Ekonomi Islam Unismuh Makassar Satu-Satunya di KTI

Dr  H. Mahmud Nuhung, MM
Dr H. Mahmud Nuhung, MM

Makassar.RBC.- Universitas Muhammadiyah Makassar menambah  prodi baru, yakni  Ekonomi Islam berdasarkan SK Menteri Riset dan Pendidikan Tinggi Nomor: 40/M/KP/III/2015, tanggal 20 Maret 2015. Demikian ditegaskan Dekan Fakultas Ekonomi dan Bisnis Unismuh Makassar, Dr  H. Mahmud Nuhung, MM dalam keterangan persnya, Jumat (8/5).

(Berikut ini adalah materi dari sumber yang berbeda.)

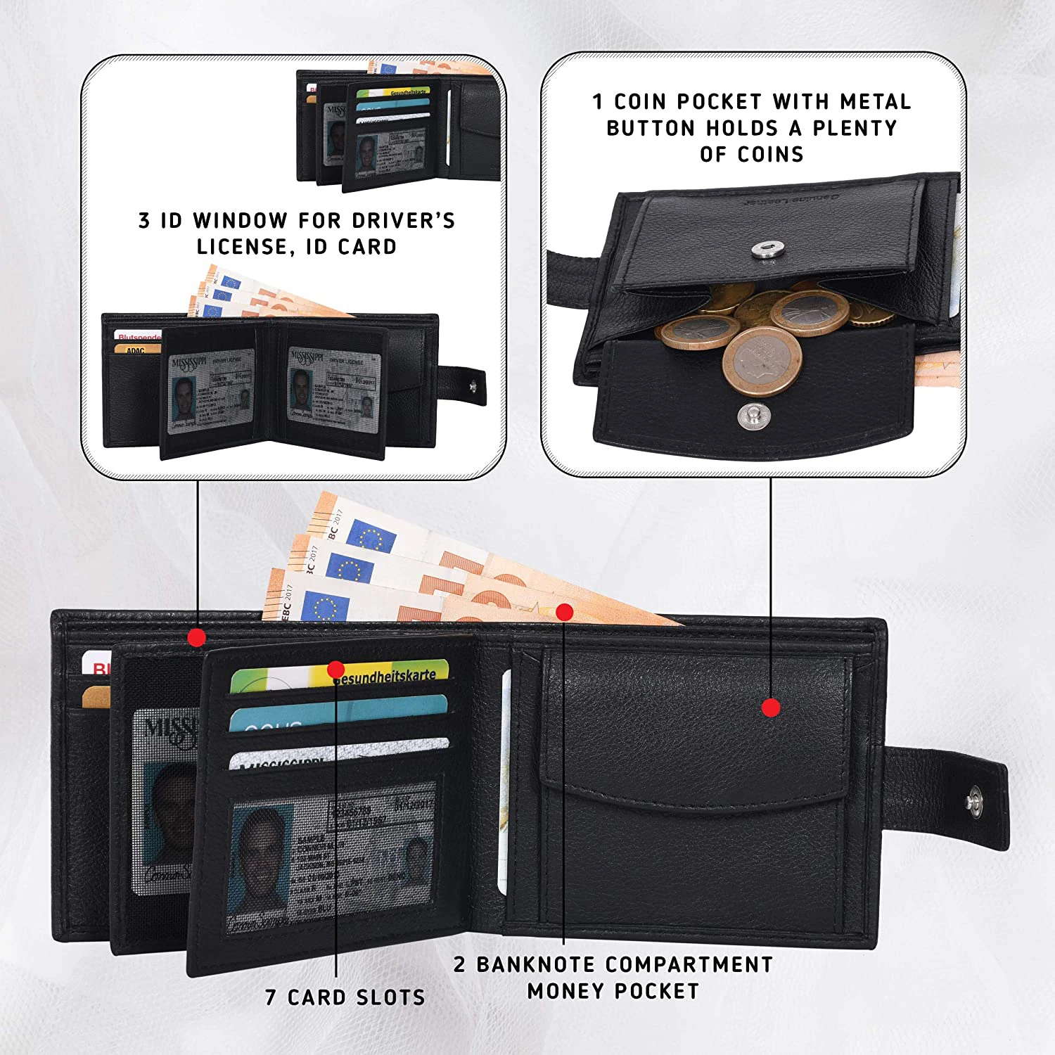 Кошелек имеет великолепное хранилище и размеры 12 см X 9 см X 2 см. Кожаный бумажник имеет 8 отделений для карт, 3 окна для хранения других документов, 2 кармана для денег и карман для монет для мгновенного доступа во время путешествия.

        Dijelaskan, kehadiran prodi baru itu menambah prodi yang sudah ada sebelumnya,  yakni Ilmu Ekonomi, Manajemen, Akuntansi dan Ekonomi Islam. Prodi Ekonomi Islam ini berkonsentrasi pada bidang Perbankan dan Keuangan Syariah. Prodi baru ini untuk saat ini merupakan satu-satunya perguruan tinggi swasta di Kawasan Timur Indonesia yang  mengelola prodi  ekonomi Islam, tegas Sekretaris Alumni Pascasarjana  UMI Makassar ini.

    Dikatakan,civitas akademika kampus  sangat bersyukur, karena prodi  itu, telah melalui perjuangan sangat berat, kurang lebih dua tahun berproses baru keluar izin operasionalnya. “Ini patut kita bersyukur, karena dari sekian banyak perguruan tinggi yang mengusulkan  Unismuh Makassar keluar izin operasionalnya,” , tegas salah seorang pengurus wilayah Muhammadiyah Sulsel ini.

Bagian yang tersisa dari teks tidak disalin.